Given records:
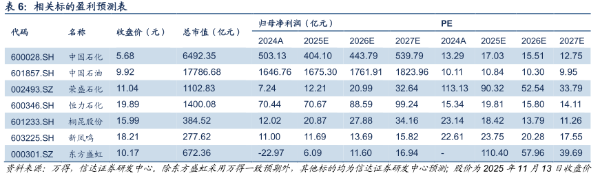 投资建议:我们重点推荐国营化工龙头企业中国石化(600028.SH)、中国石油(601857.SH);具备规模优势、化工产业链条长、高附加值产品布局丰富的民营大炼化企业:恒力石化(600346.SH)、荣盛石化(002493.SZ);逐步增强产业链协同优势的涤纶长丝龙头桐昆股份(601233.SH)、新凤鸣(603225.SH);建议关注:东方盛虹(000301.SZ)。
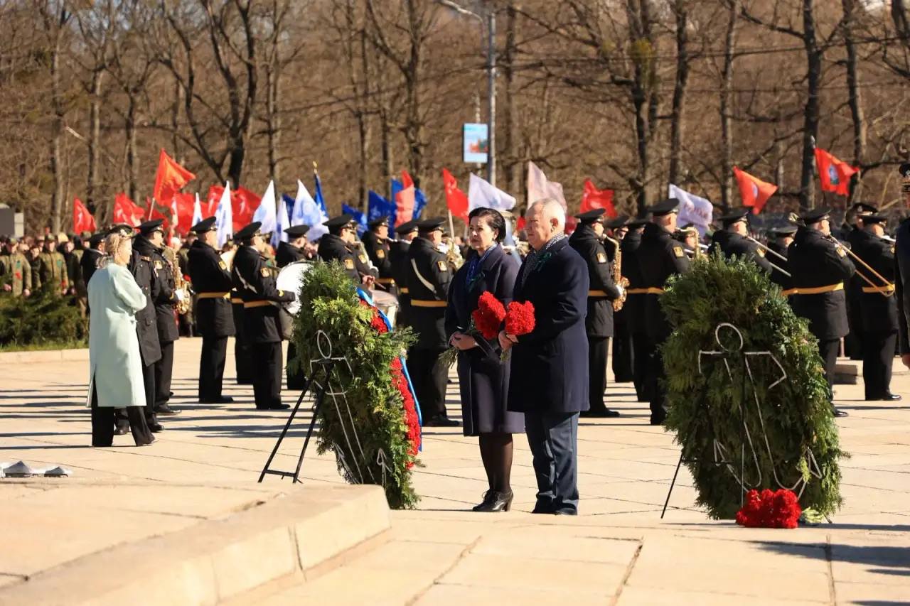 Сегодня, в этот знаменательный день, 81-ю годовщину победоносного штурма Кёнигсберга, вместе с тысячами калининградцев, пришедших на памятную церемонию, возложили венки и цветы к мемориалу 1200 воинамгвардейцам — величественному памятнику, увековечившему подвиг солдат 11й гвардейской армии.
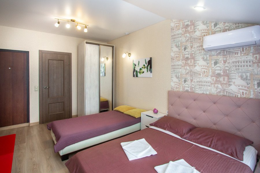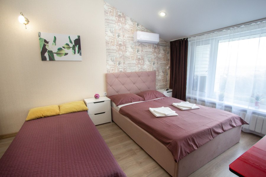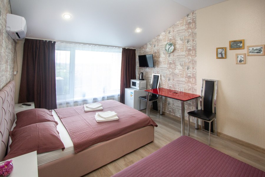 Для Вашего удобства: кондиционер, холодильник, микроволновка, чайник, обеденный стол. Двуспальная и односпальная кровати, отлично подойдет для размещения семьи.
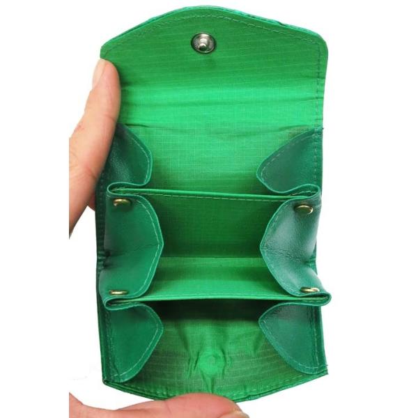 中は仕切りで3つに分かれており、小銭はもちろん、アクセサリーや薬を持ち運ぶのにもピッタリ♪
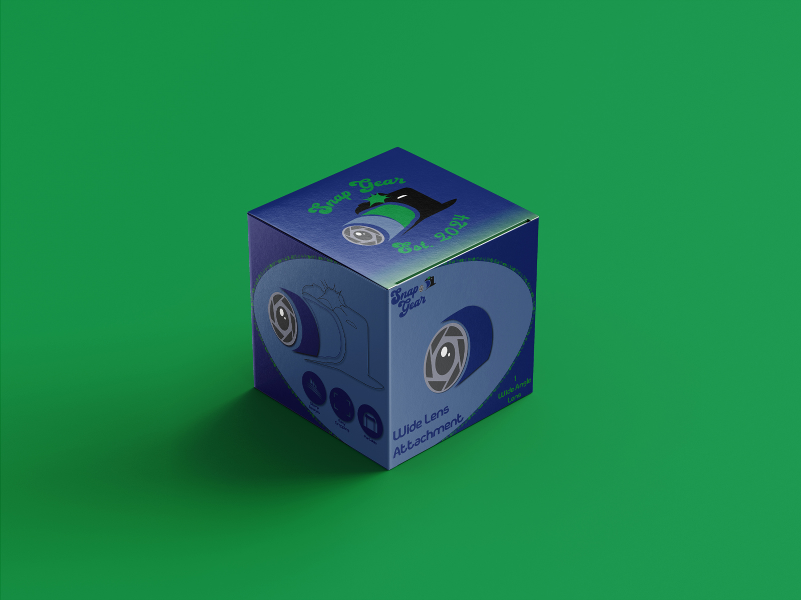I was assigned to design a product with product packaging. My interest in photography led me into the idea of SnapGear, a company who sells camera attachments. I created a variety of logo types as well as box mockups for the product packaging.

Assignment: Give back the full listing exactly, with pictures dropped.

Task response:
 投资建议:我们重点推荐国营化工龙头企业中国石化(600028.SH)、中国石油(601857.SH);具备规模优势、化工产业链条长、高附加值产品布局丰富的民营大炼化企业:恒力石化(600346.SH)、荣盛石化(002493.SZ);逐步增强产业链协同优势的涤纶长丝龙头桐昆股份(601233.SH)、新凤鸣(603225.SH);建议关注:东方盛虹(000301.SZ)。
 Сегодня, в этот знаменательный день, 81-ю годовщину победоносного штурма Кёнигсберга, вместе с тысячами калининградцев, пришедших на памятную церемонию, возложили венки и цветы к мемориалу 1200 воинамгвардейцам — величественному памятнику, увековечившему подвиг солдат 11й гвардейской армии.
 Для Вашего удобства: кондиционер, холодильник, микроволновка, чайник, обеденный стол. Двуспальная и односпальная кровати, отлично подойдет для размещения семьи.
 中は仕切りで3つに分かれており、小銭はもちろん、アクセサリーや薬を持ち運ぶのにもピッタリ♪
I was assigned to design a product with product packaging. My interest in photography led me into the idea of SnapGear, a company who sells camera attachments. I created a variety of logo types as well as box mockups for the product packaging.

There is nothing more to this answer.